Please refer to fig. 1, which illustrates a schematic diagram of an implementation environment related to a load balancing method according to an embodiment of the present application. As shown in fig. 1, an execution subject of the load balancing method provided in this embodiment of the present application may be one computer device, or may also be a computer device cluster formed by multiple computer devices, where multiple k8s clusters may be deployed on one computer device, and one k8s cluster may also be deployed on multiple computer devices together, and a deployment manner of the k8s cluster is not limited. Different computer devices can communicate with each other in a wired or wireless manner, and the wireless manner can be realized through WIFI, an operator network, NFC (near field communication) or other technologies.

Referring to fig. 2, a flowchart of a load balancing method provided in an embodiment of the present application is shown, where the load balancing method may be applied to the computer device in fig. 1. As shown in fig. 2, the load balancing method may include the following steps:

step 201, a first load balancer deployed in the load balancing cluster subscribes to a load balancing policy stored in the load balancing cluster.

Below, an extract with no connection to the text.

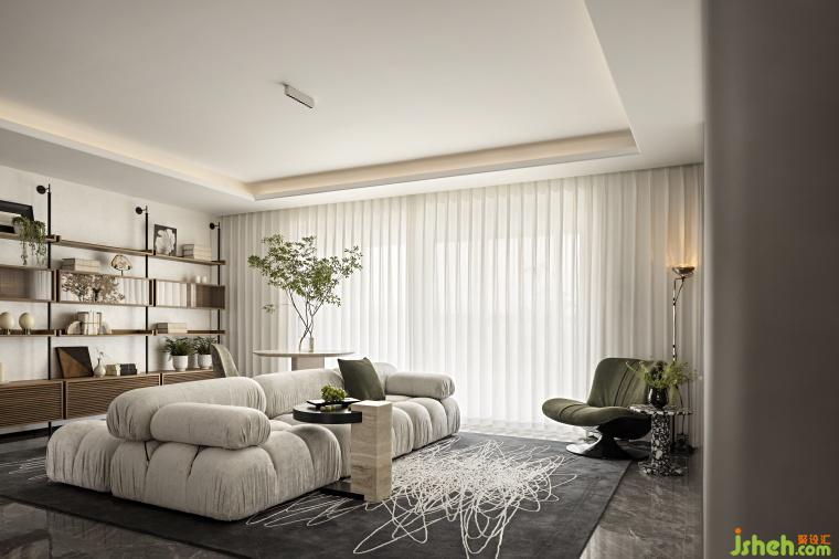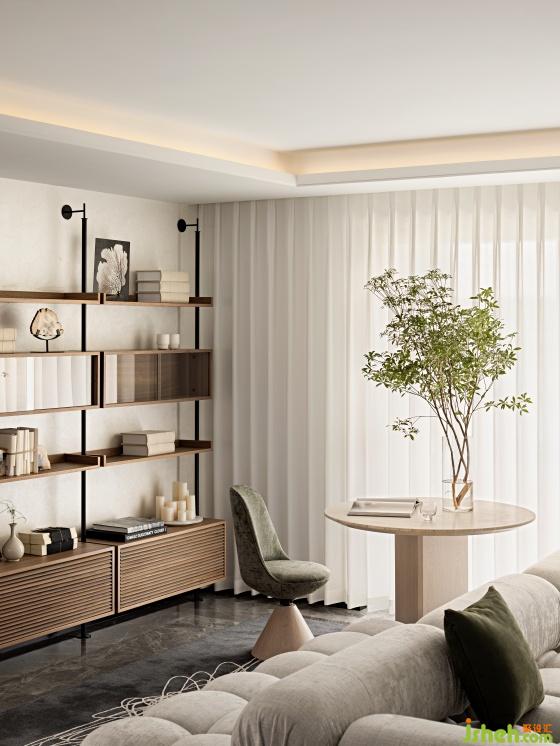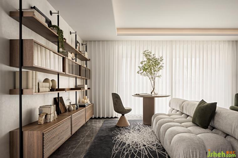 每一種場景都在激活與釋放使用者的情緒,我們模擬出生活中的“微時刻”運用生活場景,構(gòu)想未來生活方式。考慮到孩子的教育問題,客廳設(shè)置了移動的讀書區(qū),同時沙發(fā)選用了雙面款式,自由且充滿趣味。他們不希望自己的孩子過早便沉迷網(wǎng)絡(luò)世界因此客廳的電視機特意設(shè)計成移動式。

It should be noted that the load balancing cluster may be a k8s cluster or another type of cluster, and the embodiment of the present application only takes the load balancing cluster as a k8s cluster as an example for description.

The first load balancer may be a haproxy-ingress seven-layer load balancer, or a series of ingress seven-layer load balancers such as ingress-nginx, AWS ingress, GCE ingress, and EnRoute. Among them, haproxy is a free and open source software written in C language that provides high availability, load balancing, and tcp and http based application proxies.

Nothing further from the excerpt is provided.